Filmic infantilization
The narration in “Little Children,” which I finally saw on Thursday after months of strong coercion from friends with respectable opinions, was immediate and jarring. We don’t get narrators in dramas much any more — and certainly not third-person narrators. Whereas in 1944’s “Double Indemnity” it was a fine device for Walter Neff to narrate his own downfall, now he’d have to shut up and leave us to our own judgments. So why this switch? Moreover, why was the narration voiced by Will Lyman, probably best known as the firm ironic voice behind the PBS documentary series “Frontline”?
During the first few scenes I couldn’t help rewriting the film — sans narration. The narrator tells us that Sarah Pierce marks time every day until she’s relieved of child care; why do I need the narrator to tell me that when I can see it? In another scene, Sarah shakes hands with the new friend she wishes she could touch — and the narrator tells us she wishes she could touch him. Imagine listening to someone read you a story and while you’re listening to the story you’re crossing out whole paragraphs at a time. That was the impact my hyperactive editorial mind was making on this moviegoing experience.
Until suddenly I understood: This is a documentary we’re watching. It’s a fake documentary (not a mockumentary, which parodies for comedy), but a documentary nonetheless, of the stunted lives of a certain subclass of suburbanites, as depicted here by this representative (fictional) sample.

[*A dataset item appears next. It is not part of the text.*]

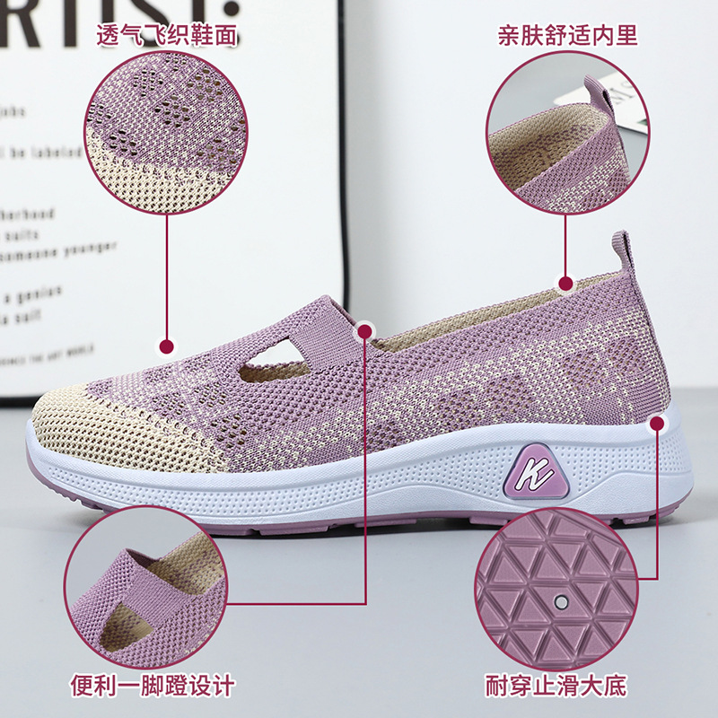 夏季新款鞋子女透气舒适单鞋老北京布鞋一脚蹬妈妈鞋跨境temu代发
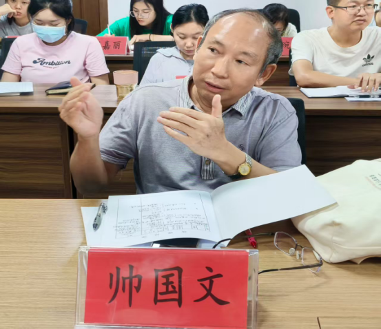 在專(zhuān)家點(diǎn)評(píng)環(huán)節(jié),毛概教研室主任董祥武副教授對(duì)李權(quán)老師的授課予以充分肯定,認(rèn)為其教學(xué)內(nèi)容邏輯嚴(yán)密、條理清晰,有助于引導(dǎo)學(xué)生深化理論認(rèn)知。思想道德與法治教研室主任龍林副教授贊賞黃勇老師教態(tài)自然、脈絡(luò)清楚、重點(diǎn)突出,并能夠緊密結(jié)合時(shí)代背景展開(kāi)教學(xué)。形勢(shì)與政策課教研室主任林良鐸副教授從教學(xué)創(chuàng)新角度出發(fā),鼓勵(lì)新教師積極嘗試多元化教學(xué)方法,不斷提升課堂吸引力和實(shí)效性。教學(xué)主任張燕金從增強(qiáng)教學(xué)內(nèi)容的時(shí)代感方面提出了自己多個(gè)方面的理解與評(píng)價(jià)。帥國(guó)文教授也對(duì)新教師的教學(xué)能力成長(zhǎng)提出寶貴建議,在對(duì)他們良好形象、氣質(zhì)與教態(tài)給予贊賞的基礎(chǔ)上,從深化理論理解、豐富教學(xué)技法、課堂上多講故事等層面進(jìn)行點(diǎn)評(píng),并建議年輕教師以后積極參與教學(xué)競(jìng)賽,以賽促教、加速成長(zhǎng)。兩位講課教師所屬教研室的其他多位教師也對(duì)他們的講課暢談了自己的感受與看法。

The “little children” are the childlike adults who act heedlessly and (almost) suffer consequences. And in the end, they are transformed into grownups: One stays with his mate, while the other grabs up her child and apologizes.
Except….
It would seem that each remains in what has been presented as an unbearable situation. Sarah is seen back at home clutching the child she hadn’t loved, in the home of the husband she disdains; her lover is being tended by the wife who insists upon a future in the legal profession that doesn’t interest him. So our choice would seem to be: act like children and be happy but careless and irresponsible; or sacrifice happiness and live as an indentured servant to adulthood. This is a barren decision tree.
It’s odd to sit through two-and-a-half hours of a film, love every moment of it, marvel at its wit and grace, and come away having really no idea what sort of statement it is trying to make. “Little Children” is a literary film, finally inferior to the director’s previous film, “In the Bedroom” (which also investigated moral ambiguities with regard to parental response), and as such is a treat in a calendar generally full of explosions and Tom Cruise. Literature as practiced in the past 100 years asks more questions than it answers, and this film is of a piece with that new tradition. But in a way it cheats: By offering only one (bad) answer, it refutes the breadth of experience the rest of the film endorses.
January 16th, 2007 at 10:08 am
Confession: I haven’t seen the film, but I’ve seen it. It’s called American Beauty and it’s called the same ol’ retread of the “suburbs will snuff out your dreams” because who would want to live within those conventions and, more importantly, expectations when you could be a filmmaker out here living wild and free and look down your nose at all of that. Sigh. Yawn. Hell, give me a Tom Cruise explosion film over that tired dead end, thanks.
January 16th, 2007 at 10:31 am
If the explosion would be OF Tom Cruise, I would be doubly happy.
January 16th, 2007 at 6:34 pm
I think one thing that made you think about the choices presented as being bad is that you and most of the people you associate yourself with are adults but have not chosen to “grow up” completely. We have responsibilities but also allow ourselves to have fun and take ourselves too seriously.